# Exercise requirements:
Exactly as they appear, retype the lines from the one containing "PromptWALK WAY ON" through the final line of the data below. Leave pictures out.

# Data shown:
== Segment start ==
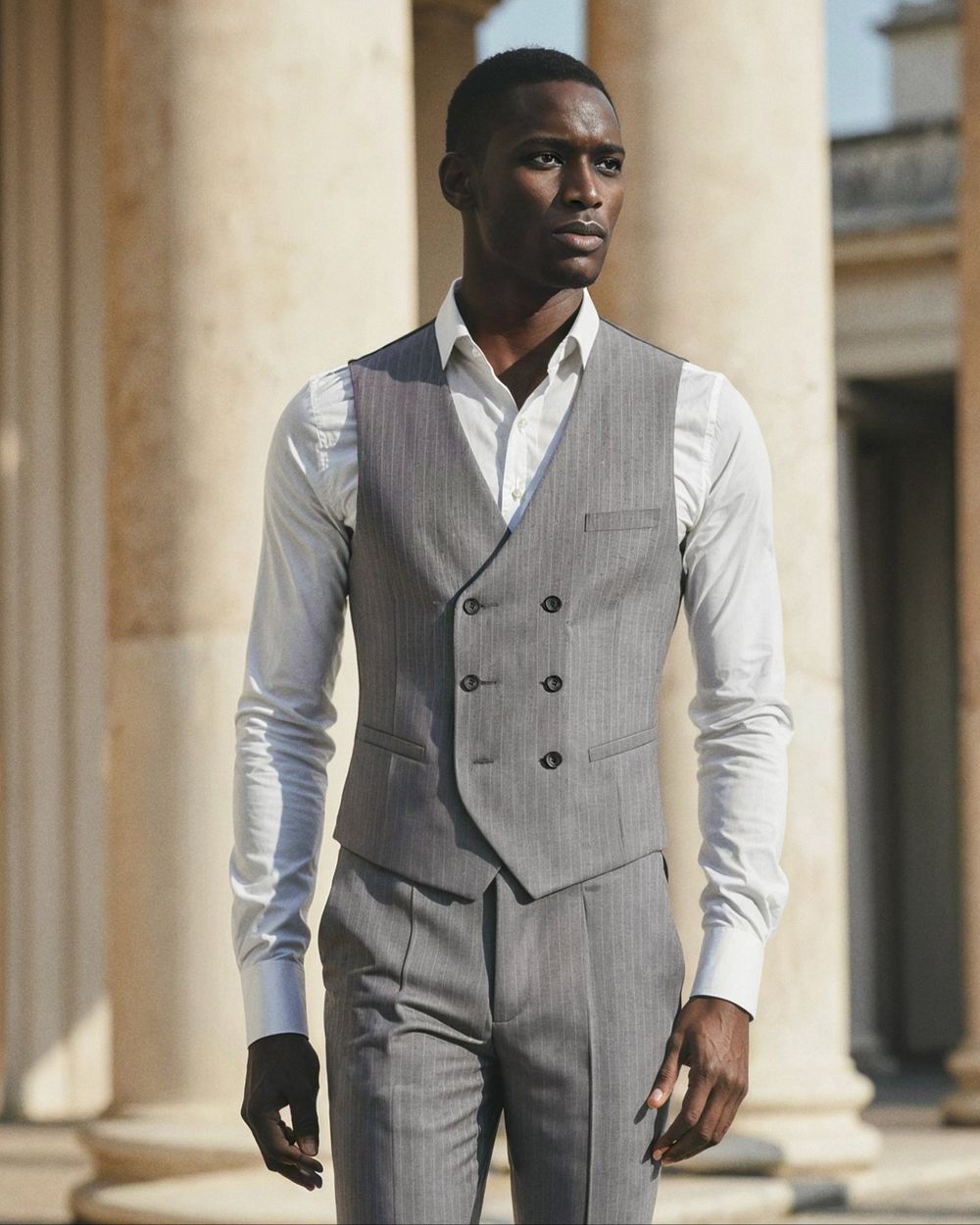 Elevate your wardrobe with these versatile mid-grey pinstripe trousers, a must-have for the modern man seeking both style and comfort in every stride. Expertly crafted in a slim fit, these trousers embody a sleek silhouette that's perfectly in tune with contemporary fashion sensibilities. Whether you're dressing for a business meeting, a casual outing, or a celebratory event, these trousers transition seamlessly across occasions with their sophisticated design.
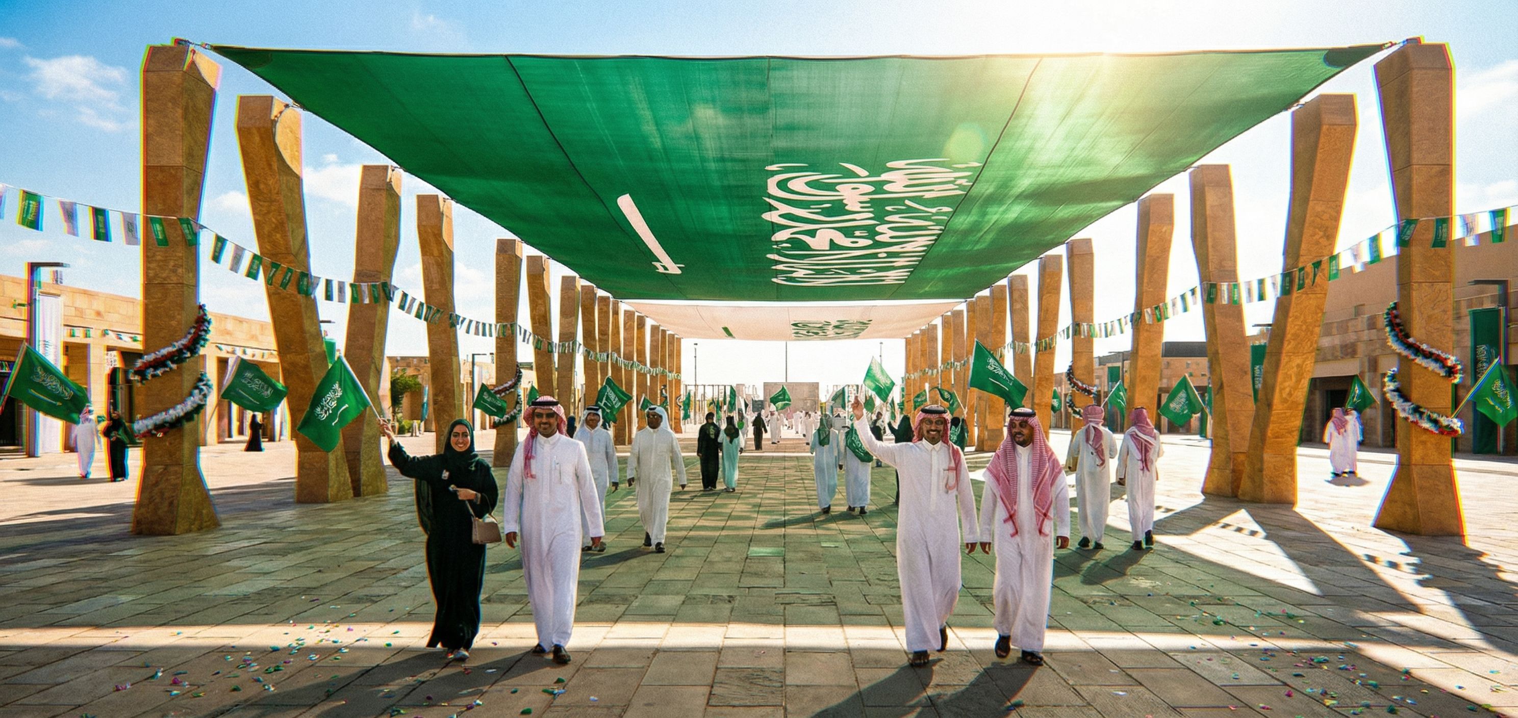 PromptWALK WAY ON plaza in Roshn sedra district , Riyadh stone , BLACK IS SAUDI FLAG , Saudi national day celebrations, keep exact camera angle
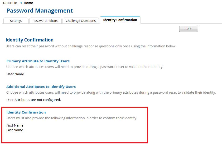 Identity Confirmation attributes will be displayed if the Challenge questions and answers are not enrolled by the user.
== Segment end ==
# Problem solution:
 PromptWALK WAY ON plaza in Roshn sedra district , Riyadh stone , BLACK IS SAUDI FLAG , Saudi national day celebrations, keep exact camera angle
 Identity Confirmation attributes will be displayed if the Challenge questions and answers are not enrolled by the user.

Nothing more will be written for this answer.